家族には長い歴史があり、それまでに培われた人間関係があります。そのため、安心や信頼がある反面、私もそうですが、つい遠慮がなくなったり、冷静になれなかったりして、うまく思いが伝わらないこともあるのではないでしょうか。
私がヘルパーとして大切にしているのは、「こうしなさい」「こうしましょう」ではなく、「こうしてみたらどうでしょう?」と、相手に決定権を持ってもらう問いかけをすること、つまり、「意思決定支援」を行うということです。もちろん、あまりにも衛生上よくないことや健康を害するようなことは別ですが、どんなことも「決めるのは本人」ということを念頭におくようにしています。

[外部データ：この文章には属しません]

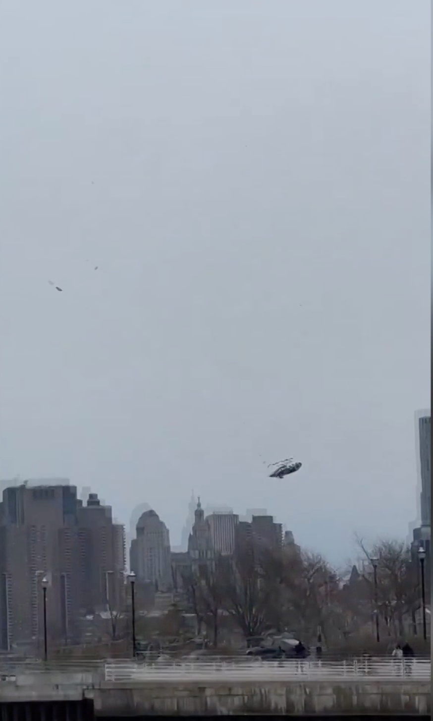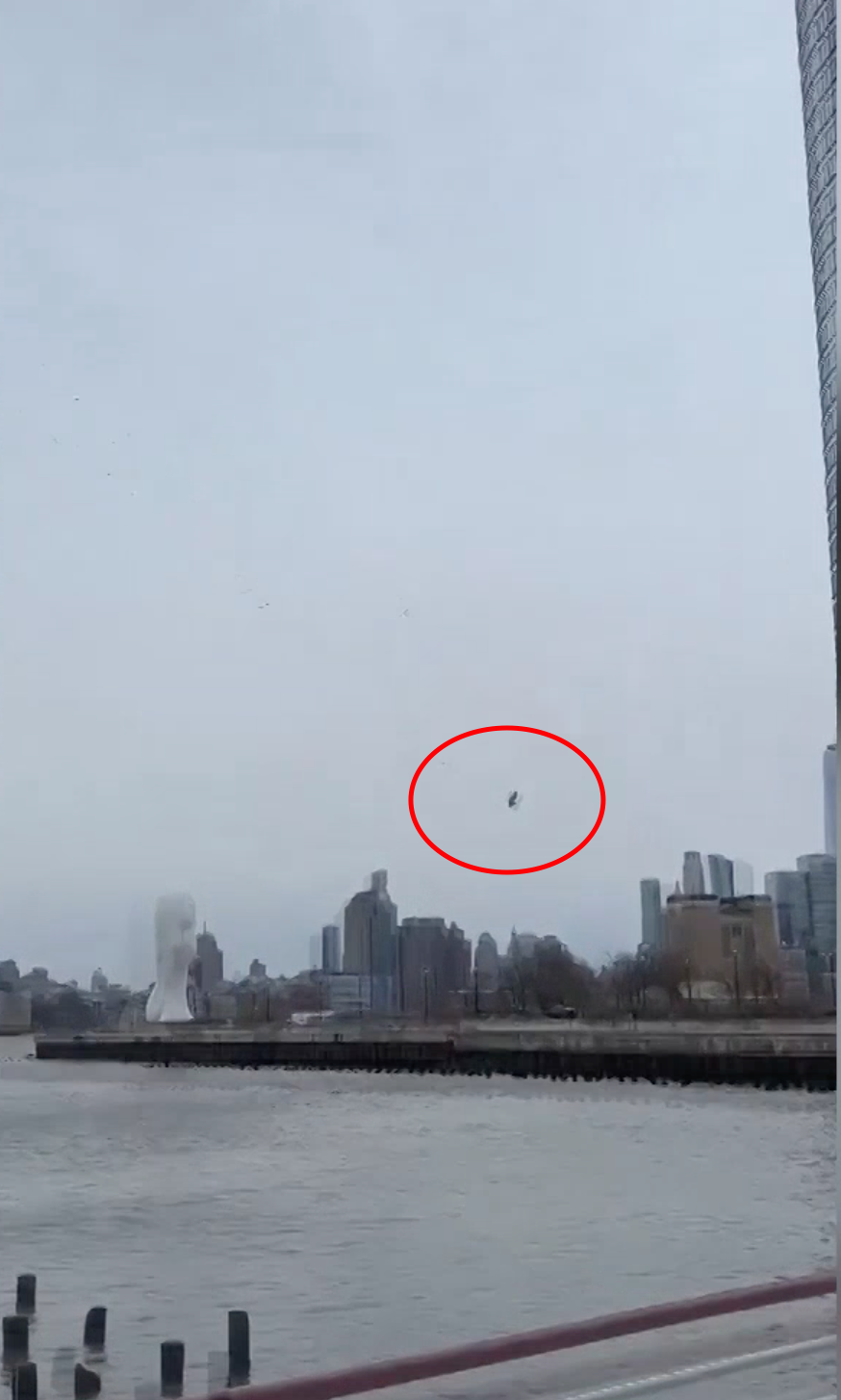 社交媒体上发布的视频显示,失事直升机尾翼和螺旋桨在空中发生脱落,与机身先后落入水中。
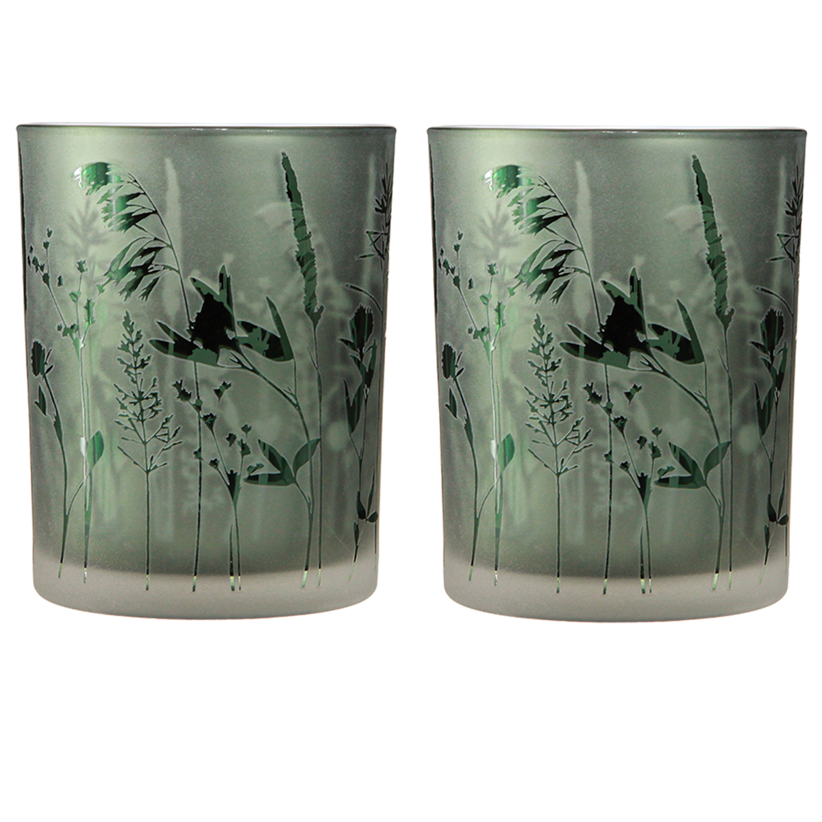 Termék neve: Dekoratív üveglámpás zöld fehér motívum rét H12,5cm 2 db

家族の介護でも、自分の思った通りに家族が動いてくれないとき、何とか説得しようとすると、余計にうまくいかなくなることがあります。
動くかどうかを決めるのは本人なのです。そこで「なぜ、しないのか」を一緒に考えてみると、また違った視点が得られます。「どうしてやらないの?」と聞いて、どんな答えが返ってくるか。答えを聞いて、そこから本人が納得できる方法を一緒に考えてみるとどうでしょうか。
「説得」ではなく「納得」を大切に——これは認知症の介護でよく言われることです。特に認知症の方はこだわりが強く、思い込んだらその行動をとってしまいます。「やめましょう」と言うと、かえって怒ってしまうこともあります。
「納得」をしてもらうには、忍耐が必要ですし、時間もかかります。でも、ヘルパーとして高齢者のお宅に伺うと、ゆったりと時間が流れていることに気づきます。ヘルパーであればその時間の流れに合わせることができますが、ご家族は自分の生活もあるので難しいかもしれません。それでも、時間の流れが違うということを知っておくだけでも、見方が変わってくるはずです。
そして、こだわりの理由を理解することができたら、本人の「思い」を満たすような提案ができるかもしれません。逆に、健康や安全にそんなに影響のないことなら「まあいいか」ですませることもできます。
また、上手に話題を変える、他のことに気持ちを持っていくという工夫も、いいコミュニケーションに役立ちます。
その人のルールに合っているかを考える
「家のなかを片付ける」「不要なものを捨てる」というようなよかれと思ってしたことが、本人にうまく伝わらないという失敗は、ヘルパーの業務でも起こることです。そんなときは、その人のルールに合っていたのかを考えることを大切にしています。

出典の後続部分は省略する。